Here is what I am doing in sourcecode:
Mat fundamental = Calib3d.findFundamentalMat(object_left, object_right);
Mat E = new Mat();
Core.multiply(cameraMatrix.t(), fundamental, E); // cameraMatrix.t()*fundamental*cameraMatrix;
Core.multiply(E, cameraMatrix, E);
Mat R = new Mat();
Mat.zeros(3, 3, CvType.CV_64FC1).copyTo(R);
Mat T = new Mat();
calculateRT(E, R, T);
where `calculateRT` is defined as follows:
private void calculateRT(Mat E, Mat R, Mat T) {
/*
* //-- Step 6: calculate Rotation Matrix and Translation Vector
Matx34d P;
//decompose E
SVD svd(E,SVD::MODIFY_A);
Mat svd_u = svd.u;
Mat svd_vt = svd.vt;
Mat svd_w = svd.w;
Matx33d W(0,-1,0,1,0,0,0,0,1);//HZ 9.13
Mat_<double> R = svd_u * Mat(W) * svd_vt; //
Mat_<double> T = svd_u.col(2); //u3
if (!CheckCoherentRotation (R)) {
std::cout<<"resulting rotation is not coherent\n";
return 0;
}
*/
Mat w = new Mat();
Mat u = new Mat();
Mat vt = new Mat();
Core.SVDecomp(E, w, u, vt, Core.DECOMP_SVD); // Maybe use flags
Mat W = new Mat(new Size(3,3), CvType.CV_64FC1);
W.put(0, 0, W_Values);
Core.multiply(u, W, R);
Core.multiply(R, vt, R);
T = u.col(2);
}
And here are the results of all matrizes after and during calculation.
Number matches: 10299
Number of good matches: 590
Number of obj_points left: 590.0
CameraMatrix:
[1133.601684570312, 0, 639.5;
0 , 1133.601684570312, 383.5;
0, 0, 1]
DistortionCoeff: [0.06604336202144623; 0.21129509806633; 0; 0; -1.206771731376648]
Fundamental:
[4.209958176688844e-08, -8.477216249742946e-08, 9.132798068178793e-05;
3.165719895008366e-07, 6.437858397735847e-07, -0.0006976204595236443;
0.0004532506630569588, -0.0009224427024602799, 1]
Essential:
[0.05410018455525099, 0, 0;
0, 0.8272987826496967, 0;
0, 0, 1]
U: (SVD)
[0, 0, 1;
0, 0.9999999999999999, 0;
1, 0, 0]
W: (SVD)
[1; 0.8272987826496967; 0.05410018455525099]
vt: (SVD)
[0, 0, 1;
0, 1, 0;
1, 0, 0]
R:
[0, 0, 0;
0, 0, 0;
0, 0, 0]
T:
[1; 0; 0]
And for completion here are the image I am using: left and right.
Before calulation of FeaturePoints and so on, I am doing an undistrortion of the images.
Can someone point out where something is goind wrong or what I am doing wrong?
edit: Question
Is it possible that my fundamental matrix is equals to the essential matrix as I am in the calibrated situation and Hartley and zissermann says:
„11.7.3 The calibrated case:
In the case of calibrated cameras normalized image coordinates may be used, and the essential matrix E computed instead of the fundamental matrix”
I've found the misstake.
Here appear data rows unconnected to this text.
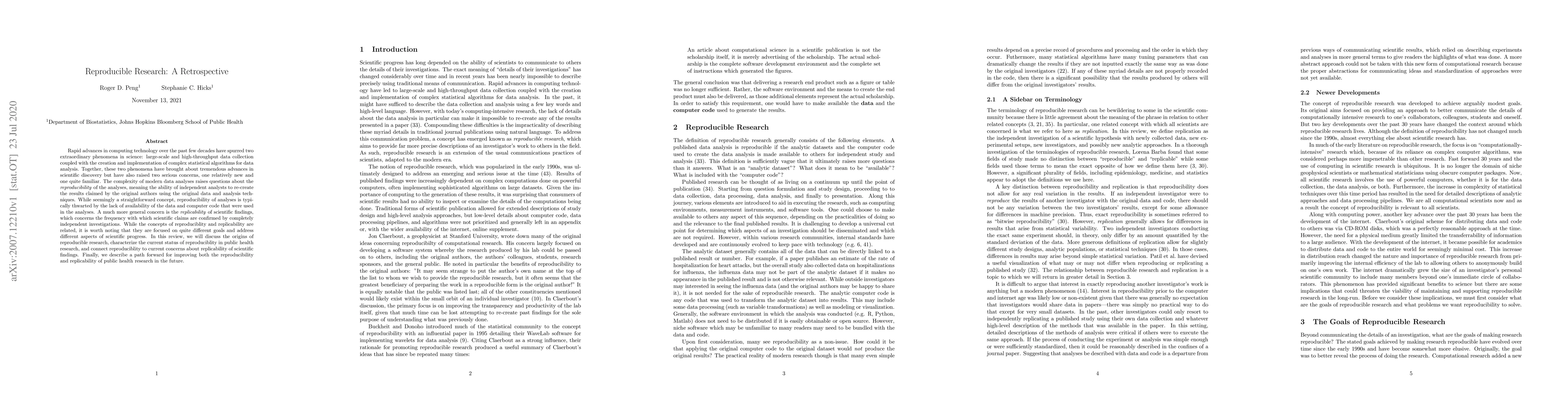 Rapid advances in computing technology over the past few decades have spurred two extraordinary phenomena in science: large-scale and high-throughput data collection coupled with the creation and implementation of complex statistical algorithms for data analysis. Together, these two phenomena have brought about tremendous advances in scientific discovery but have also raised two serious concerns, one relatively new and one quite familiar. The complexity of modern data analyses raises questions about the reproducibility of the analyses, meaning the ability of independent analysts to re-create the results claimed by the original authors using the original data and analysis techniques. While seemingly a straightforward concept, reproducibility of analyses is typically thwarted by the lack of availability of the data and computer code that were used in the analyses. A much more general concern is the replicability of scientific findings, which concerns the frequency with which scientific claims are confirmed by completely independent investigations. While the concepts of reproduciblity and replicability are related, it is worth noting that they are focused on quite different goals and address different aspects of scientific progress. In this review, we will discuss the origins of reproducible research, characterize the current status of reproduciblity in public health research, and connect reproduciblity to current concerns about replicability of scientific findings. Finally, we describe a path forward for improving both the reproducibility and replicability of public health research in the future.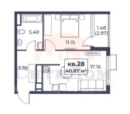 В строящемся ЖК продается 1-но комнатная квартира, которая состоит из спальни 11,15 кв.м., кухни-гостиной 17,16 кв. м., санузла 5,49 кв.м., прихожей 5,59 кв.м. и балкона 1,48 кв. м. Общая площадь квартиры 40,87 кв.м. Расположена на 4 этаже 8-ми этажного дома.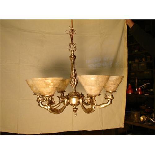 <tr><td>Title:All cast bronze and alabaster chandelier</td></tr>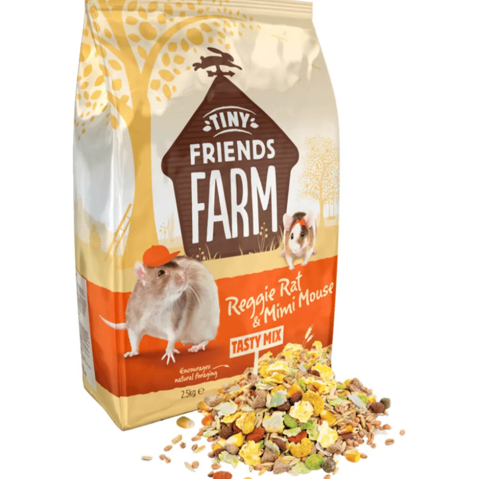 Tiny Friends Reggie Rat & Mimi Mouse Tasty Mix is een complete voeding die speciaal is aangepast op de behoefte van ratten en muizen.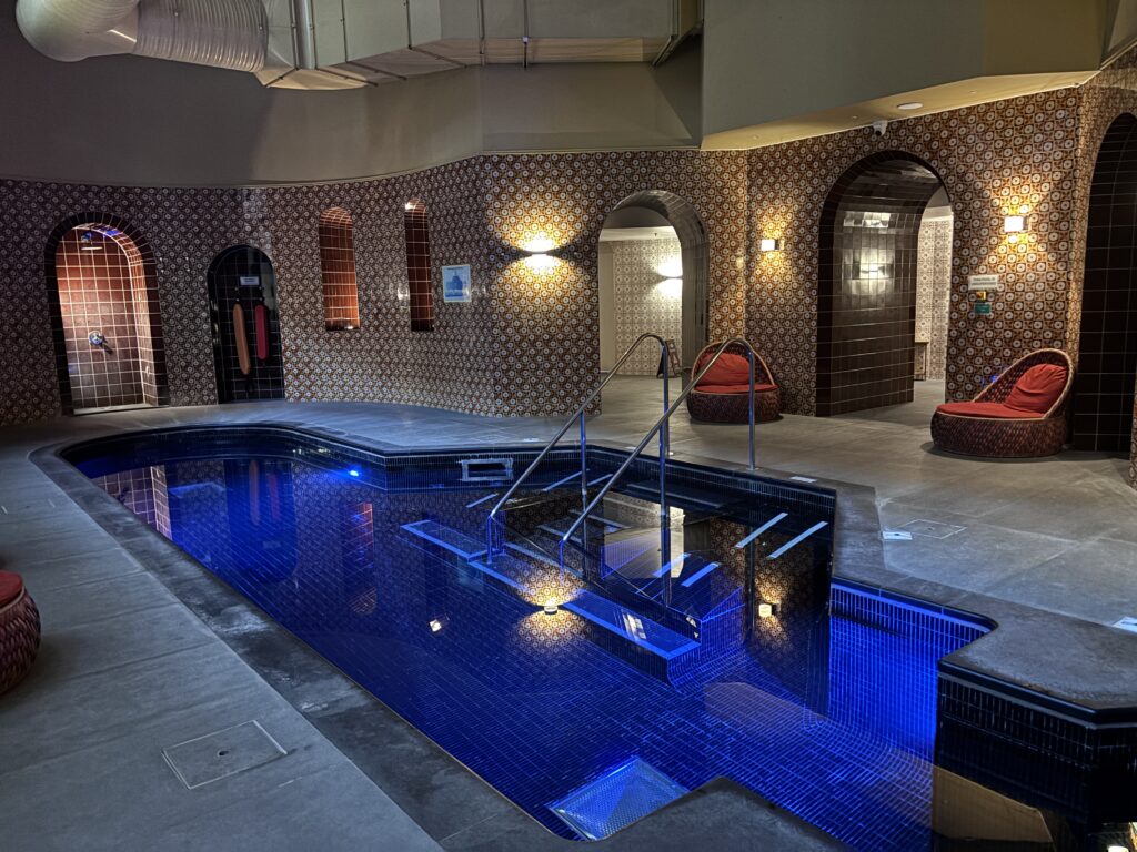 設備で言うと、会議室や豪華絢爛なバンケットの他にも、コンパクトではあるけど24時間のジムとプール、ミストサウナもありました。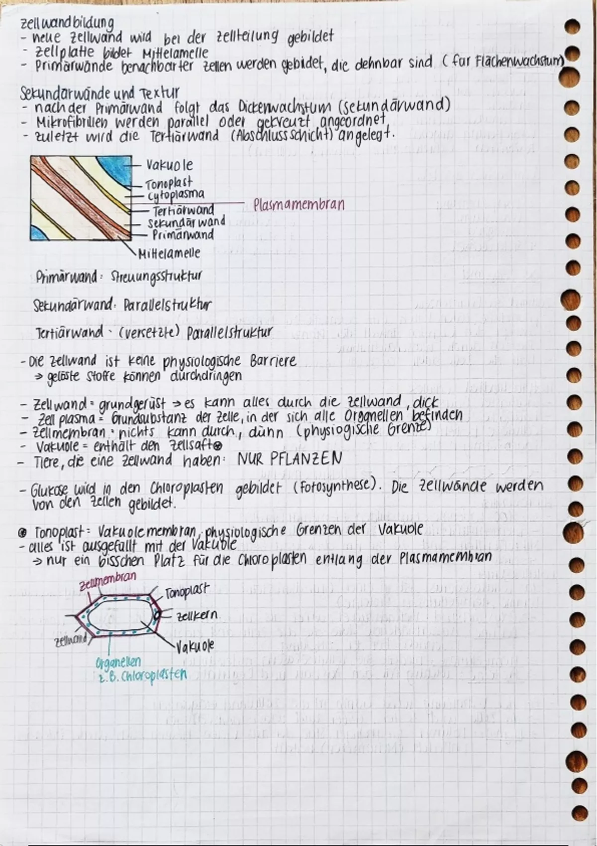 Detaillierte Notizen zur Zellwand, Bestandteile einer Zelle (Chloroplasten - Plastiden, Zellwandstruktur, Mitochondrien), Protokoll zu einem Experiment über Chloroplasten und eine detaillierte Erklärung zur Endosymbiontentheorie.
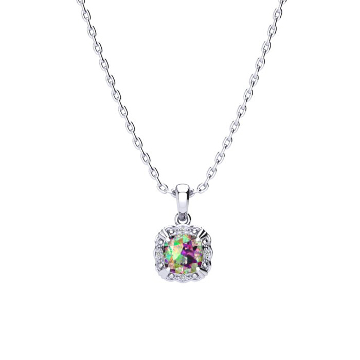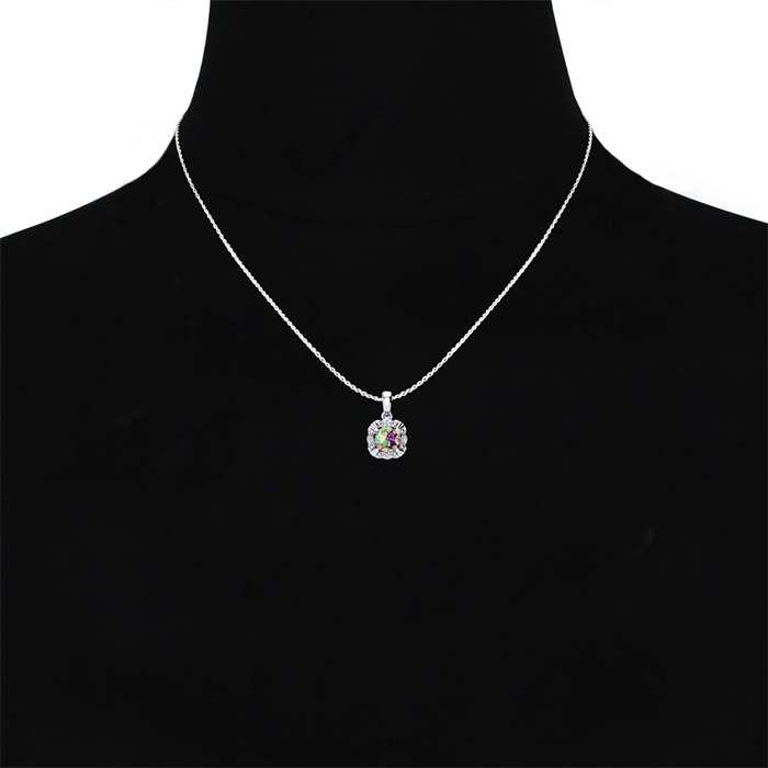 This stunning mystic topaz necklace features one 8x8mm cushion shape mystic topaz gemstone weighing approximately 2 carats. It is surrounded by 4 sparkling diamonds in I-J color, I1-I2 clarity at 0.04 carats. This necklace is crafted in sterling silver and comes with an 18 inch cable chain with spring ring clasp.
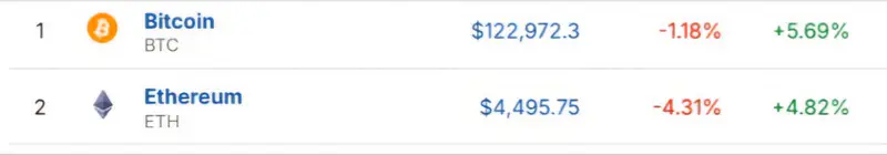 Курс Bitcoin (BTC) снизился на 1,18 процента, а Ethereum (ETH) упал на 4,31 процента, составив 4 495,75 доллара за монету. Инвесторы ищут более надёжные активы на фоне неопределенности, связанной с приостановкой работы правительства США, что затрудняет публикацию ключевых экономических данных.

This code is not doing the right matrix multiplication.
Mat E = new Mat();
Core.multiply(cameraMatrix.t(),fundamental, E);
Core.multiply(E, cameraMatrix, E);
I changed this to
Core.gemm(cameraMatrix.t(), fundamental, 1, cameraMatrix, 1, E);
which is now doing the right matrix multiplication. As far as I can get ir from the documentation, Core.multiply is doing the multiplication for each element. not the dot product of row*col.
First, unless you computed the fundamental matrix by taking explicitly into account the inverse of the camera matrix, you are not in the calibrated case, hence the fundamental matrix you estimate is not an essential matrix. This is also quite easy to test: you just have to eigen-decompose the fundamental matrix and see whether the two non-zero eigen-values are equal (see § 9.6.1 in Hartley&Zisserman's book).
Second, both the fundamental matrix and the essential matrix are defined for two cameras and do not make sense if you consider only one camera. If you do have two cameras, with respective matrices K1 and K2, then you can obtain the essential matrix E12, given the fundamental matrix F12 (which maps points in I1 to lines in I2), using the following formula (see equation 9.12 in Hartley&Zisserman's book):
E12 = K2T . F12 . K1
In your case, you used K2 on both sides.